Richard Ogier is an Australian journalist and consultant.

After the apocalyptic scenes of bushfires in Australia – more evidence, according to one historian, we’ve entered the Pyrocene, the “Age of Fire” – flash flooding has come to parts of the country’s east and west coasts. Byron Bay, a popular holiday destination about 750 kilometres north of Sydney, got almost 300 millimetres of rain in 24 hours.

Yet, the wider angle on the climate crisis that has racked Australia since September – the fires claiming 33 lives – might be called the “The Vengeance of the Facts,” or more precisely, “The Lesson of the Facts," for government leaders and policy-makers in particular.

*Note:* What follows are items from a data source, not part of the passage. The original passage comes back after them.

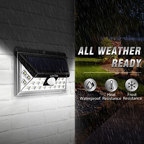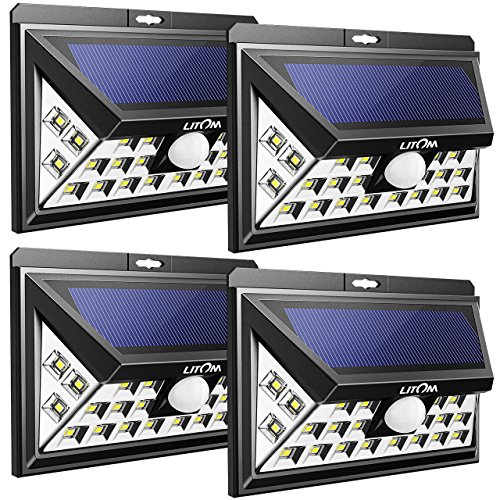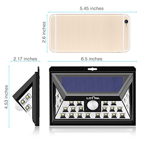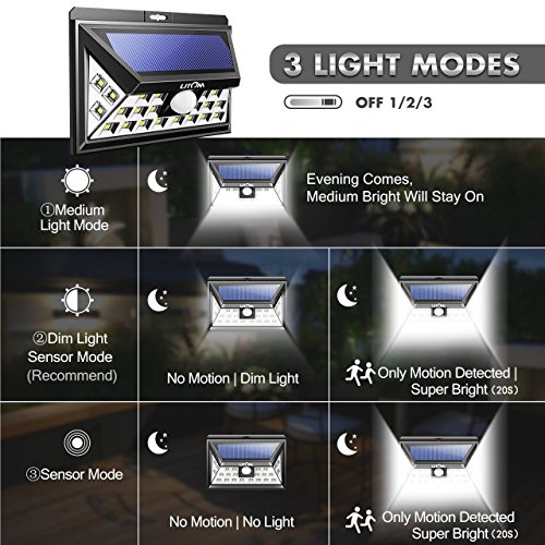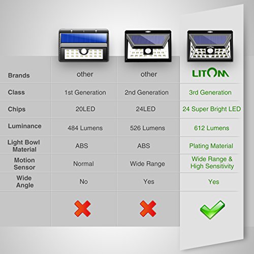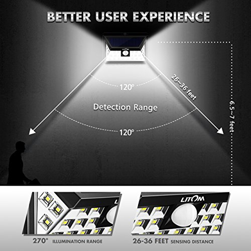 Litom 3rd-genメッキソーラーライトアウトドア、超明るいセキュリティソーラーライトモーションセンサー付き24 LEDの壁のパティオ、ガレージ、庭、バルコニー、RV 標準 ブラック LTCD013BH 4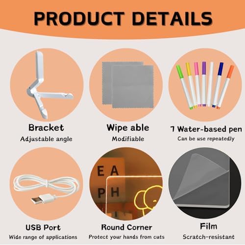 - Complete Drawing Kit Included: lumiboard led note board set includes an acrylic memo whiteboard, 7 markers, a sturdy triangular stand, a USB-powered LED light strip and microfibre cloth for easy erasing and reusing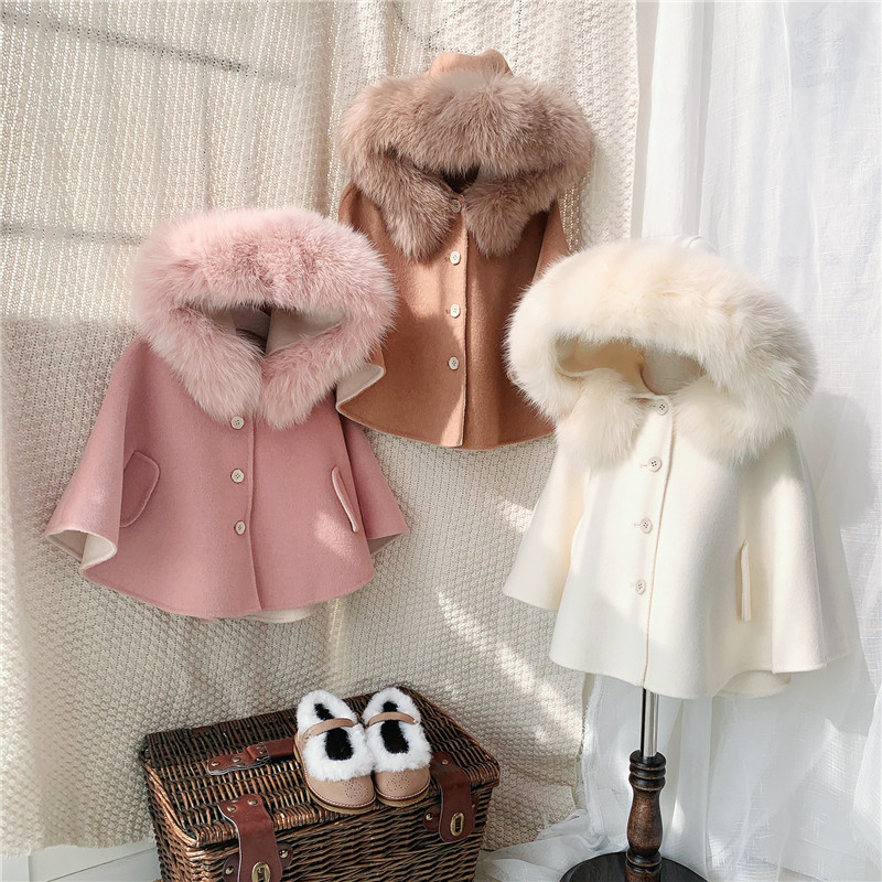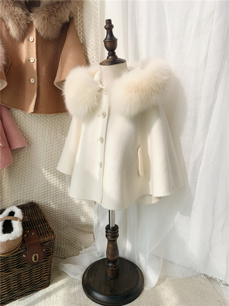 Spot Petit Nez] retro 100% wool double-sided cashmere handmade large coat fox fur collar cloak

It bears repeating: The science of climate change in Australia, home to vast but fragile biodiversity, has been clear for more than a decade, as the world’s driest (apart from Antarctica) continent gets relentlessly drier and hotter, so droughts and fires will worsen over a longer fire season, encompassing more of the national territory.

How horrifying that reality has now become – lives lost; air quality shockingly degraded; some 3,600 homes destroyed or damaged; more than 11.5 million hectares scorched (almost the land area of England); a mind-boggling billion animals and their habitats incinerated. The risk now is to water supplies and their fish stocks, as ash and debris wash into waterways.

Populations of the emblematic kangaroo and koala have been very hard hit, apparently catching the imagination of many North Americans. But on pristine Kangaroo Island near Adelaide in South Australia, the glossy black cockatoo and dark-eyed dunnart, a cute-as-they-come marsupial, are now at dire risk of extinction. Before fires blackened more than a third of the island, it was estimated there were only about 500 of the little dunnart left.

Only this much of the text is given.